Я даже кошелек не взяла. На углу, чуть подальше, есть ларечек, где можно перевести продавцу деньги за покупки на карту. А сколько у меня на счете зарплатном? Светившийся экран телефона ослепил. В итоге мне хватило на бутылку вина, минералку и даже огромный торт — Антоныч будет счастлив.
Домой я летела. Там было тепло и уютно, пахло пиццей и… семьей.
Я закинула покупки на кухню. Тоха торту обрадовался и, Анька чуть скосила глаза, но ничего не сказала. О диете ее суженого потом поговорим.
— Давай, пошли, мы готовы.
— Сейчас переоденусь.
Быстро скинув теплый свитер, я надела футболку и домашние штанишки, и почти вышла из комнаты, но экран компьютера переливался оповещениями, там стояли и игры, которые надо было перезапустить, загрузка музыки с Артемовской страницы и пара программ на скачке.
«Ежиков» надо вымыть.
Так, отлично, загрузка прошла, хм, интересный результат, завтра надо будет на трезвую голову оценить. Так, а что за сообщение…
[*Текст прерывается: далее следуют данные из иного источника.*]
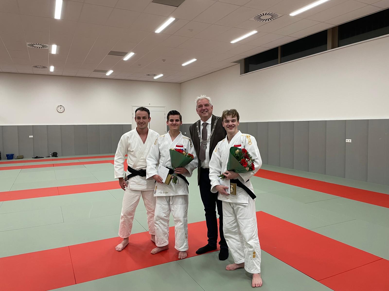 De wedstrijden vonden het afgelopen weekend plaats. Maandag bezocht burgemeester Eric Geurts de twee topsporters in de judoruimte van SVO Schinnen.

«Ежики» с грохотом встретились со столом, а потом с полом, расколовшись на две половинки. Мыть не придется…
***
Таня поставила пакеты с продуктами на пол на кухне и устало опустилась на стул. Сердце гулко билось о ребра, ноги подкашивались, а она всего-то поднялась на три лестничных пролета, потому что лифт отказался ехать до последнего этажа.
Такое впечатление, что ей лет сто, а уж никак не под сорок.
Последнее время в ее жизни было как-то мало хорошего. А может, и не было никогда?! Она всегда считала, что поступила правильно, родив Ирку, а не малодушно сбежав от ответственности, как ее папаша. Хотя, кого ей винить? Не Иру же. А то, что не получилось воспитать… А может и получилось?!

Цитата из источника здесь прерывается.